● What the task asks
Copy the records exactly, leaving out every picture.

● Material to process
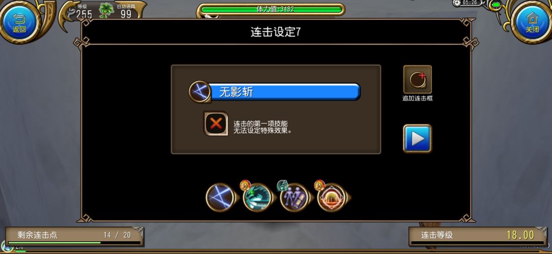 我要特别提一句,我给风遁附加的连击特效是(无敌),这个连击特效的效果是:位于连击第n个位置的技能施放时,有(n-1)×20%的概率在技能动作期间内获得无敌状态。因为风遁是连击第6位,所以风遁·劈甲施放时,动作期间能100%获得无敌。我在忍者技能介绍的帖子里讲过,风遁·劈甲的后摇长达1秒,如果目标没有被翻覆,极有可能对我们造成致命打击,所以给风遁·劈甲加上(无敌)这个连击特效的作用就体现出来了。这样一来,在我们单刷时,只要目标不是翻覆后会变得棘手的类型,那不管目标有无翻覆控反或者是否处于翻覆抵抗状态,这个连击都可以完整施放出来了,因为落地的那1秒后摇我们也是处于无敌状态中,完全不怕受到致命打击。如果你担心风遁·劈甲原本的滞空无敌状态与连击特效的无敌状态因冲突而互相抵消,那我告诉你无需担心,因为经过我的反复测试,已确认连击效果的(无敌)和无敌急救的(无敌),是与技能本身拥有的无敌存在区别的,两者是不同性质的「无敌」,是可以并存的,不会被抵消。
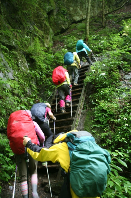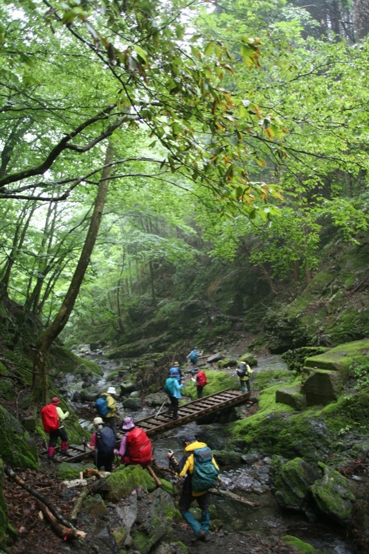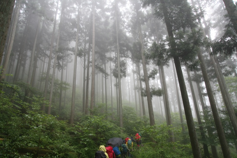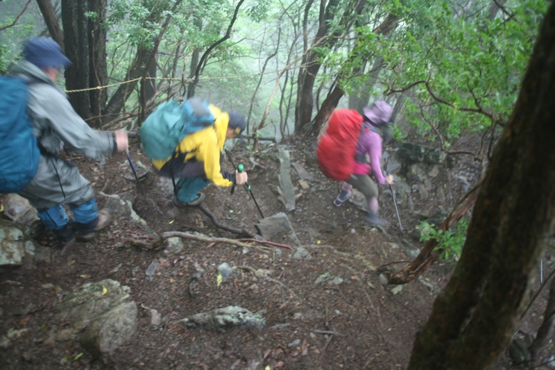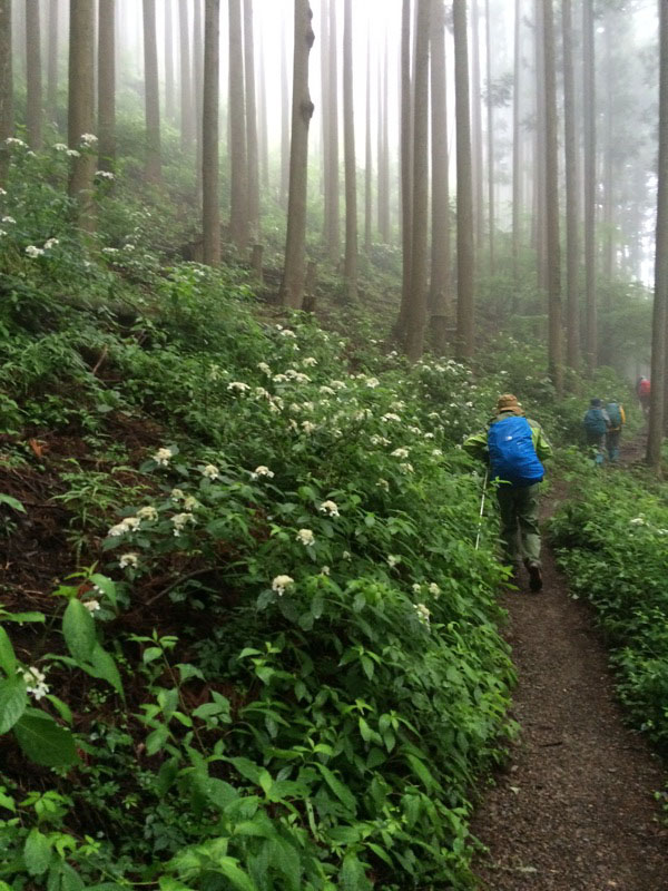 *この日の天気予報は最悪でした。雨に遭わない可能性は0%、つまり梅雨時に、雨具をつけたら外から濡れなくても内側からビッショリという最悪の状況が保証済みでした。私自身も家を出るとき憂鬱でしたから、参加者の皆さんはさぞや……と思っていたら、欠席はひとりも無し。最近、そういうことがしばしばあるので感心します。月に1〜2回の山歩きがその月の「健康」にかかわる重要性が、雨に遭う、遭わないよりも重要だとみなさん考えているのです。
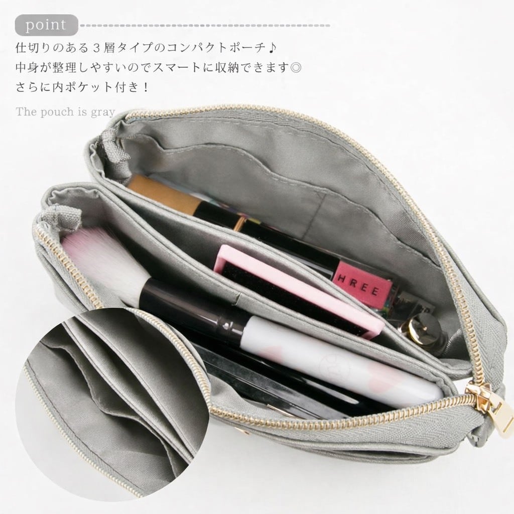 化粧ポーチ/小物入れ/三層構造/ポケット付き
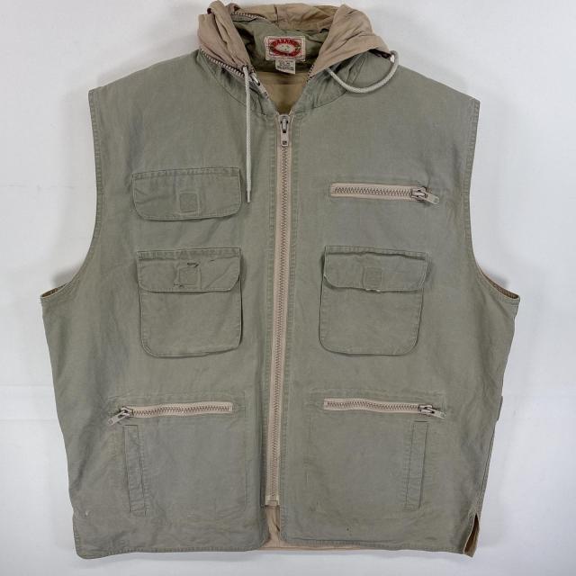 古着 80s/80年代 ヴィンテージ バナナリパブリック Banana Republic ベスト フラップポケ フード付き サファリベスト XL ベージュ 無地
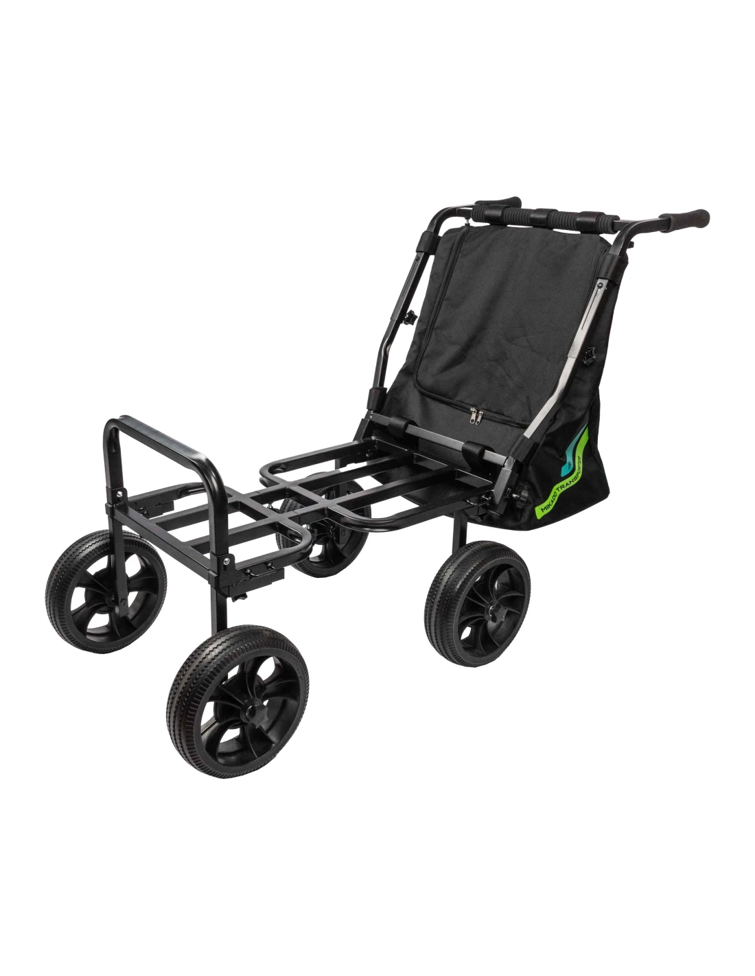 T1 Transporter to komfortowy wózek z obszerną platformą o regulowanej długości oraz pojemną torbą. Bez problemu zmieści duży kosz z całym osprzętem. Posiada również wygodną regulację wysokości rączek i kompaktowe rozmiary transportowe.

● Response
 我要特别提一句,我给风遁附加的连击特效是(无敌),这个连击特效的效果是:位于连击第n个位置的技能施放时,有(n-1)×20%的概率在技能动作期间内获得无敌状态。因为风遁是连击第6位,所以风遁·劈甲施放时,动作期间能100%获得无敌。我在忍者技能介绍的帖子里讲过,风遁·劈甲的后摇长达1秒,如果目标没有被翻覆,极有可能对我们造成致命打击,所以给风遁·劈甲加上(无敌)这个连击特效的作用就体现出来了。这样一来,在我们单刷时,只要目标不是翻覆后会变得棘手的类型,那不管目标有无翻覆控反或者是否处于翻覆抵抗状态,这个连击都可以完整施放出来了,因为落地的那1秒后摇我们也是处于无敌状态中,完全不怕受到致命打击。如果你担心风遁·劈甲原本的滞空无敌状态与连击特效的无敌状态因冲突而互相抵消,那我告诉你无需担心,因为经过我的反复测试,已确认连击效果的(无敌)和无敌急救的(无敌),是与技能本身拥有的无敌存在区别的,两者是不同性质的「无敌」,是可以并存的,不会被抵消。
 *この日の天気予報は最悪でした。雨に遭わない可能性は0%、つまり梅雨時に、雨具をつけたら外から濡れなくても内側からビッショリという最悪の状況が保証済みでした。私自身も家を出るとき憂鬱でしたから、参加者の皆さんはさぞや……と思っていたら、欠席はひとりも無し。最近、そういうことがしばしばあるので感心します。月に1〜2回の山歩きがその月の「健康」にかかわる重要性が、雨に遭う、遭わないよりも重要だとみなさん考えているのです。
 化粧ポーチ/小物入れ/三層構造/ポケット付き
 古着 80s/80年代 ヴィンテージ バナナリパブリック Banana Republic ベスト フラップポケ フード付き サファリベスト XL ベージュ 無地
 T1 Transporter to komfortowy wózek z obszerną platformą o regulowanej długości oraz pojemną torbą. Bez problemu zmieści duży kosz z całym osprzętem. Posiada również wygodną regulację wysokości rączek i kompaktowe rozmiary transportowe.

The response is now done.